If voltage applied to `X` -ray tube increased from`V=10kV` to `20kV`. The wave length interval between `K_(alpha)-`line and short wave cut off continuous `X`-ray increases by factor of `3 (Rhc)/e=13.6V` where `R` is Rydberg constant `h` is plank's constant `c` is speed of light in vacuum and `e` is charge on electron

To solve the problem, we need to analyze the relationship between the voltage applied to the X-ray tube and the wavelengths of the emitted X-rays, specifically the Kα line and the short wave cut-off continuous X-ray. ### Step-by-Step Solution: 1. **Understand the relationship between voltage and wavelength:** The energy of the emitted X-rays is related to the voltage (V) applied to the X-ray tube.

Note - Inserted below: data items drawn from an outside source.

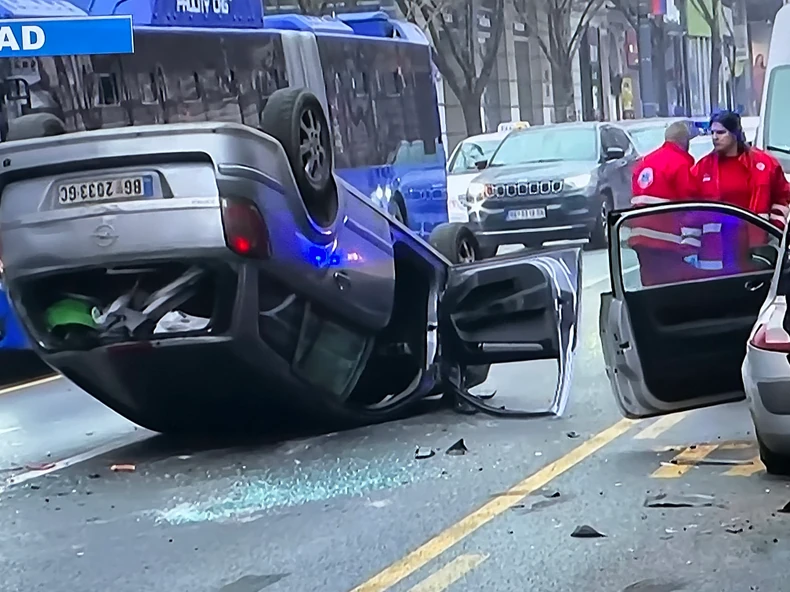 Kako je reporterka Blica izvestila sa lica mesta, putničko vozilo marke reno kretalo se saobraćajnom trakom za autobuse, dok se drugo putničko vozilo kretalo unazad, te je potom i udarilo u reno i prevrnulo se na krov.
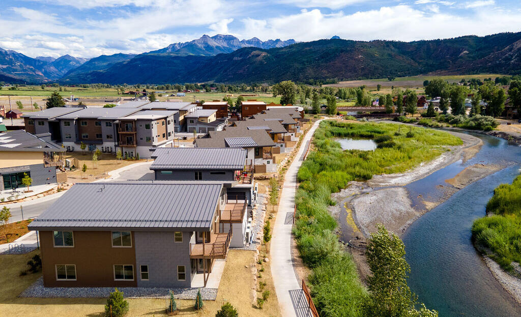 There are only three duplex units left on the River! Premier three bedroom townhouse on the river. These mountain modern condominiums and duplexes range from 2 to 3 bedrooms and include 2-car garages. They also boast alpenglow vistas to the east and evening sunsets dancing across the river to the west. Natural textures are complemented by warm, neutral accents for the perfect blend of polish and comfort. Walk, bike, or jog along the recreation path that leads from Riverfront Village to downtown dining and shopping options as well as Ridgway State Park and Ridgway Reservoir. Nestled in the Uncompahgre Valley ringed by the Cimarron Mountains, call Ridgway Home
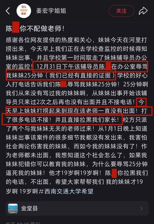 “一个年轻的生命消失在白果大桥旁,她到底经历了什么?”2024年12月31日,西南交通大学希望学院的女大学生姜宏宇离奇失联,12天后,她被证实身亡。失踪前,她曾接到辅导员的电话并在办公室逗留25分钟。家属控诉辅导员辱骂并隐瞒细节,舆论一片哗然:“校园究竟是安全港,还是隐秘伤害的起点?”

The cut-off wavelength (λ) is given by the formula: \[ \lambda = \frac{hc}{eV} \] where \( h \) is Planck's constant, \( c \) is the speed of light, and \( e \) is the charge of an electron. 2. **Calculate the cut-off wavelengths for the two voltages:** For \( V_1 = 10 \, \text{kV} = 10,000 \, \text{V} \): \[ \lambda_1 = \frac{hc}{eV_1} \] For \( V_2 = 20 \, \text{kV} = 20,000 \, \text{V} \): \[ \lambda_2 = \frac{hc}{eV_2} \] 3. **Set up the equation for the wavelength interval:** The problem states that the wavelength interval between the Kα line and the short wave cut-off continuous X-ray increases by a factor of 3: \[ \lambda_2 - \lambda_1 = 3 \cdot \lambda_1 \] Rearranging gives: \[ \lambda_2 = 4\lambda_1 \] 4. **Substituting the values of λ:** Substitute the expressions for \( \lambda_1 \) and \( \lambda_2 \): \[ \frac{hc}{eV_2} = 4 \cdot \frac{hc}{eV_1} \] 5. **Canceling common terms:** Since \( hc/e \) is common in both terms, we can cancel it out: \[ \frac{1}{V_2} = 4 \cdot \frac{1}{V_1} \] 6. **Substituting the voltage values:** Substitute \( V_1 = 10,000 \, \text{V} \) and \( V_2 = 20,000 \, \text{V} \): \[ \frac{1}{20,000} = 4 \cdot \frac{1}{10,000} \] This confirms the relationship holds true. 7. **Finding the atomic number (Z):** The relationship between the wavelength and atomic number for the Kα line can be expressed as: \[ \frac{1}{\lambda} = R \cdot (Z - 1)^2 \] where \( R \) is the Rydberg constant. We can relate this to our previous equations to find \( Z \). 8. **Using the derived relationship:** From the previous steps, we can derive: \[ Z = \sqrt{\frac{1}{\lambda} \cdot \frac{1}{R}} + 1 \] Substitute the known values to find \( Z \). 9. **Final calculations:** After substituting the values and solving, we find that \( Z = 29 \). 10. **Finding \( \lambda_1 \):** Using the formula for \( \lambda_1 \): \[ \lambda_1 = \frac{hc}{eV_1} \] Substitute the known constants and \( V_1 \) to find \( \lambda_1 \).